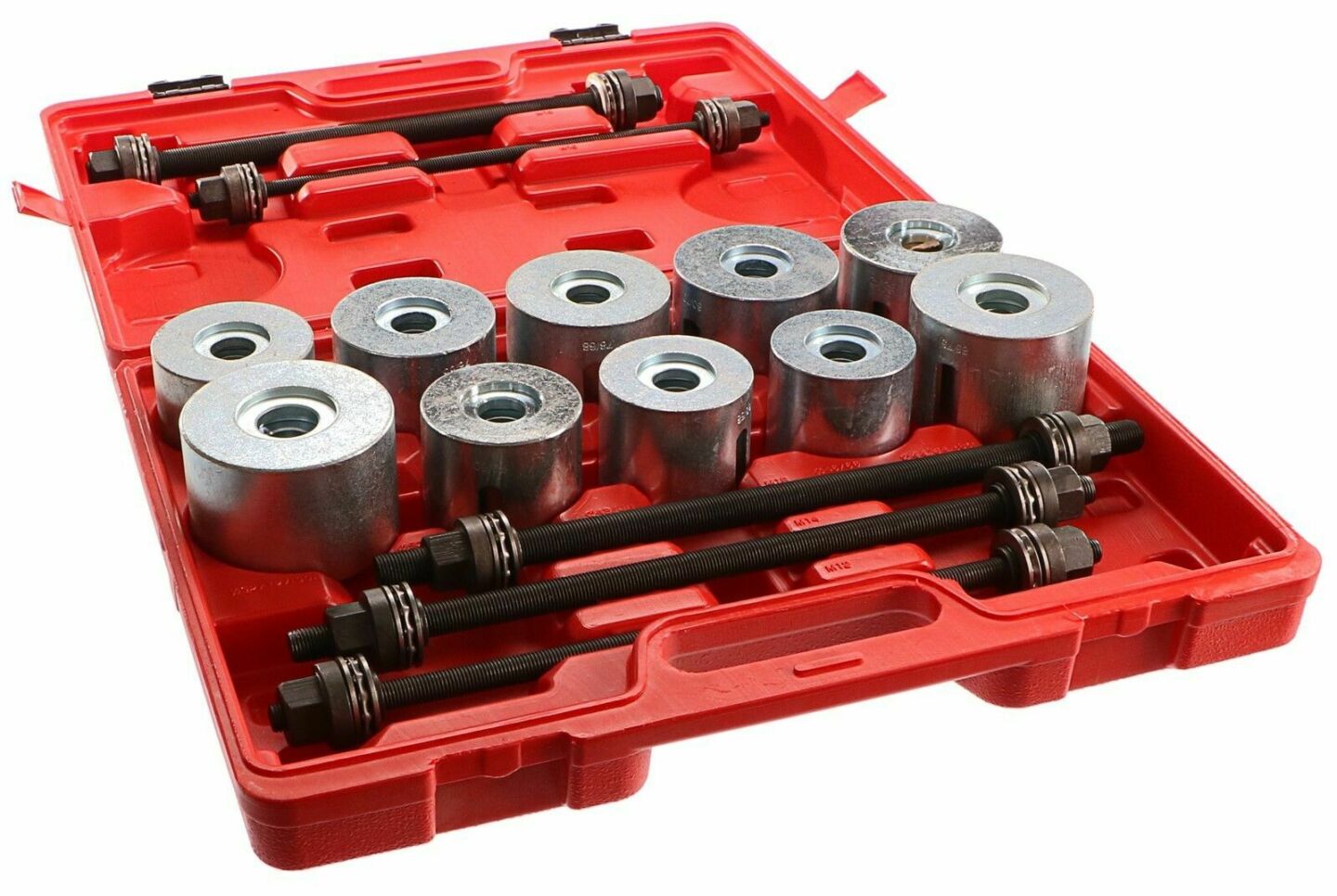 Sada dvaceti sedmi kusů nářadí pro stahování ložisek předního náboje vozidla.
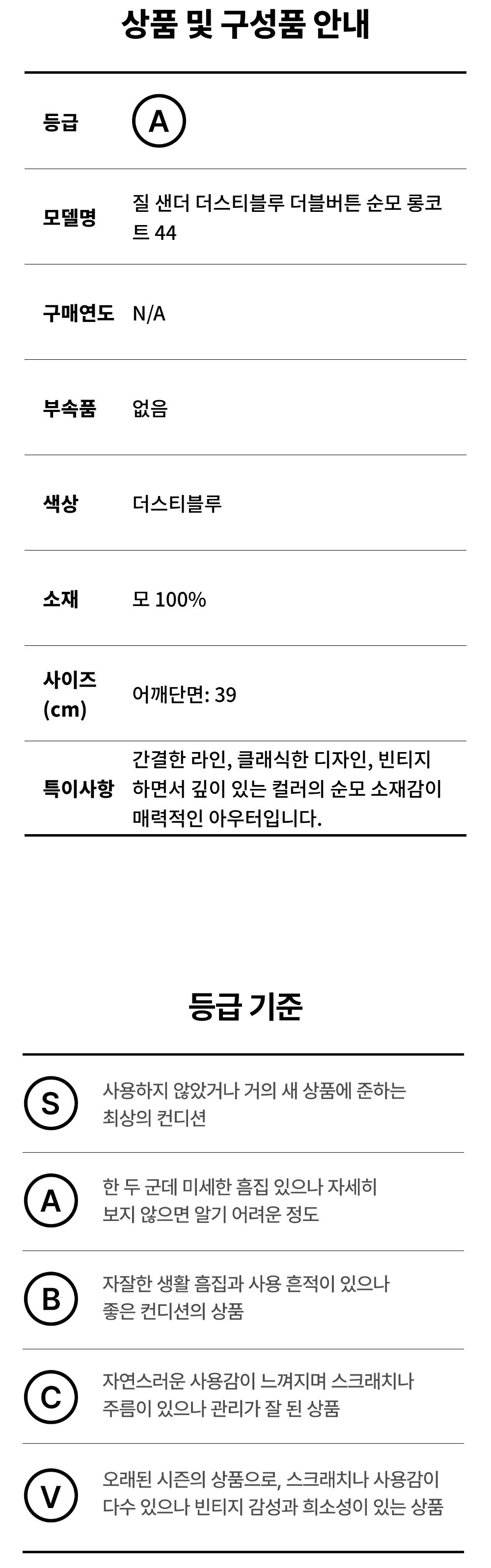질 샌더 더스티블루 더블버튼 순모 롱코트 44
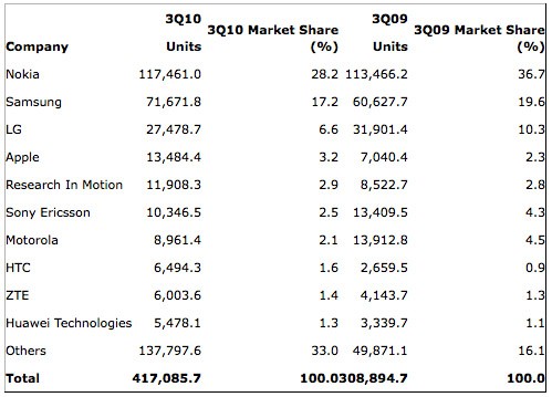 Az IDC után a Gartner is elkészítette a júliustól szeptemberig tartó negyedév kiértékelését, ám a két piaci elemzés ezúttal köszönő viszonyban sincs egymással, ugyanis a Gartner szerint a kisebb gyártók jóval nagyobb teret hódítottak, mely a három legnagyobb gyártóra volt leginkább rossz hatással. A beszámoló szerint a Nokia részesedése egyetlen év alatt 8,5 százalékot esett, így 28,2 százalékra mérséklődött, ám ezzel együtt a Samsung és az LG is 2,4 illetve 3,6 százalékot veszített, így a piaci részesedése 17,2 illetve 6,6 százalékra csökkent. A Sony Ericsson és a Motorola szintén piacot vesztett, ám az Apple és a RIM jelentősen növelni tudta eladásait így 3,2 illetve 2,9 százalékos piaci részesedéssel a negyedik és ötödik legnagyobb gyártókká nőtték ki magukat. Az IDC elemzése szerint a Nokia részesedése „csupán” 4,1 százalékkal csökkent, de egyelőre nem tudni, hogy a két beszámoló közül melyik áll közelebb a valósághoz.

WHAT IS REQUIRED:
Retype exactly. Include each line from the start of the material through the line holding "질 샌더 더스티블루 더블버튼 순모 롱코트 44", and leave the pictures out.

SOLUTION TO THIS PROBLEM:
 Sada dvaceti sedmi kusů nářadí pro stahování ložisek předního náboje vozidla.
질 샌더 더스티블루 더블버튼 순모 롱코트 44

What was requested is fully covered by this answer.